Sunday, January 30, 2011

L’état de droit et la démocratie participative

Plusieurs membres de Génération d’idées (GEDI) souhaitent une meilleure représentativité des intérêts de la population auprès du gouvernement. Toutefois, si certains vantent les vertus de la démocratie plus directe et une approche plus participative de la population aux décisions gouvernementales et aux enjeux de la société, il faudrait quand même prendre le temps de bien définir ce que l’on attend exactement par «démocratie» pour éviter des dérapages. Certains résumeront hâtivement ce terme par l’équation 50%+1, laissant potentiellement à la majorité le pouvoir de dicter aux autres la marche à suivre, d’où l’expression tyrannie de la majorité.

La majorité ne fait pas toujours le meilleur choix. [1]

Par démocratie, outre le droit de vote, on sous-entend un encadrement institutionnel garantissant des droits minimaux à chaque citoyen, même s’ils ont des opinions impopulaires – en fait, surtout dans ce cas précis. Sinon, il n’y a qu’une superficielle apparence de consultation de la population: les valeurs démocratiques ne relèvent alors que du hobby vu le manque de constance et l’exclusion de certaines catégories de citoyens.

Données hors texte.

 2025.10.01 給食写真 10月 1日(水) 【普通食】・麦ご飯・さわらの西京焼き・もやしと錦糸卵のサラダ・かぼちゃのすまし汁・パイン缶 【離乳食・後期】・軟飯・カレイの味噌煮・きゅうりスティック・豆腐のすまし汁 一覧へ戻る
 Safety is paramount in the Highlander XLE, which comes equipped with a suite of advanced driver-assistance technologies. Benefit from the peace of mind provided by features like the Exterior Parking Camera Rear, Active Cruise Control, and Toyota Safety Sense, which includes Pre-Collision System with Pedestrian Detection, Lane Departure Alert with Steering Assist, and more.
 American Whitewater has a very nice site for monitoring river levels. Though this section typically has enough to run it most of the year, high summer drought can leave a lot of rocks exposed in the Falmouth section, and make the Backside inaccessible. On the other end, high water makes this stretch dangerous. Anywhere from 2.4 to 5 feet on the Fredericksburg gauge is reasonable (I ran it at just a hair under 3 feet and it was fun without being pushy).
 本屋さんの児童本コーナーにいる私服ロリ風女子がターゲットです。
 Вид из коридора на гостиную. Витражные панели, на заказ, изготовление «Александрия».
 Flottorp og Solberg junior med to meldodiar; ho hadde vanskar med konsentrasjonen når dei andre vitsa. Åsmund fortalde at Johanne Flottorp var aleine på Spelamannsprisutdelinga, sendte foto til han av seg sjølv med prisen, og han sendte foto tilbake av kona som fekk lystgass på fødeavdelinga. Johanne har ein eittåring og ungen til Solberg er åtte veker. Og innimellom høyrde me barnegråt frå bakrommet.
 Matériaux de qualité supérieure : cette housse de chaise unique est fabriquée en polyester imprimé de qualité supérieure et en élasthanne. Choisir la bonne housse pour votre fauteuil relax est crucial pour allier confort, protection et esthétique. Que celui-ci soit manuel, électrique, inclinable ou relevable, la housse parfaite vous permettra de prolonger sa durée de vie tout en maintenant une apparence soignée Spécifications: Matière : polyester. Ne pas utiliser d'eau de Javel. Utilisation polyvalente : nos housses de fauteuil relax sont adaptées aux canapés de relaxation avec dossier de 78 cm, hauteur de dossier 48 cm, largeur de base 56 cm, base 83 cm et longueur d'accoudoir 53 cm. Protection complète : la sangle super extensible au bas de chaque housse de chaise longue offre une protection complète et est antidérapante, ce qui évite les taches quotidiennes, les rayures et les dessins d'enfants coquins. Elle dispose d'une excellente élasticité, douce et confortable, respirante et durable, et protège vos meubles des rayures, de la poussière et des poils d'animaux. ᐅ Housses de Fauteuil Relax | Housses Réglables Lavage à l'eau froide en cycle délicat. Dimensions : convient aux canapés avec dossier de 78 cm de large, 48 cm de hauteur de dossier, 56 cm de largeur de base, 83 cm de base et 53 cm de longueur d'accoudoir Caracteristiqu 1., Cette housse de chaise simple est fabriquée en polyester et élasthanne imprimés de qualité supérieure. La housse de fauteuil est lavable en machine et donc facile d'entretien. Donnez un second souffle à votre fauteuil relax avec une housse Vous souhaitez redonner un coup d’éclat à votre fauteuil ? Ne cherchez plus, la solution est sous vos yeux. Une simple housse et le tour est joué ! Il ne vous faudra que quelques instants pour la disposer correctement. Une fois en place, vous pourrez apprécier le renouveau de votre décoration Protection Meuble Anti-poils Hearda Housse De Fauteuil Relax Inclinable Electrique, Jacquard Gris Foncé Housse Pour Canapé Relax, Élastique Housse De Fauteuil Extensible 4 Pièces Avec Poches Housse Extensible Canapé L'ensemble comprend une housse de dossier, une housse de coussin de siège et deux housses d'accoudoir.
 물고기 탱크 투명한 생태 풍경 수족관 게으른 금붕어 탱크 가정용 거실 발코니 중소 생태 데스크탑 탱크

D’où l’importance d’un pouvoir judiciaire indépendant pouvant faire contrepoids aux excès émotifs de la foule («checks and balances»), et de la nécessité de mieux définir les règles de base d’une société sur lesquels les juges s’appuieront – avoir une constitution provinciale (comme c’est déjà le cas pour chaque état américain), qui renforcerait le pouvoir de la Charte des droits et des libertés du Québec. La création d’une constitution ne nécessite pas préalablement la souveraineté, vu que la Californie et 49 états ont déjà la leur sans être indépendants (tel que garanti par le 10e amendement [2]): il s’agit tout simplement d’un code conduite d’une société, d’un contrat social, plutôt qu’une déclaration de sécession, qui permet au système judiciaire de limiter les excès potentiels d’une tyrannie de la majorité.

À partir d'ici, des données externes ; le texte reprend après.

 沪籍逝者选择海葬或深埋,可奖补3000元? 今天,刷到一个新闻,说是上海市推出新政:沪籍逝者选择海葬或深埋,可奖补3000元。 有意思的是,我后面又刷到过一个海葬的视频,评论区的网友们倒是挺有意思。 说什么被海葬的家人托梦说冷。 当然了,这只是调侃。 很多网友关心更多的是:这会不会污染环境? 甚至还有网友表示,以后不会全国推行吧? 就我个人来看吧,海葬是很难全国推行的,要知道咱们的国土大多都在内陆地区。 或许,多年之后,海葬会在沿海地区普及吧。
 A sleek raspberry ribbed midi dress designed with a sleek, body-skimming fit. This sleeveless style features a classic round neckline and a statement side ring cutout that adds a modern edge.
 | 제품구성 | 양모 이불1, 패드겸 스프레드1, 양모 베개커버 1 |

LE CAS DE LA PROPOSITION 8


Un des récents dérapages des initiatives populaires a été la crise causée par la proposition 8 [3] («Proposition Hate» comme diront certains) en Californie, mesure visant à interdire le mariage entre personnes de même sexe. Même si une majorité des gens s’y sont ralliés, on ne peut parler réellement de démocratie, mais d’une ochlocratie [4], c’est-à-dire le pouvoir de la foule, parce qu’on enlève des droits à certains de ses citoyens au lieu d’agir sur une base égalitaire (principe d’isonomie [5]).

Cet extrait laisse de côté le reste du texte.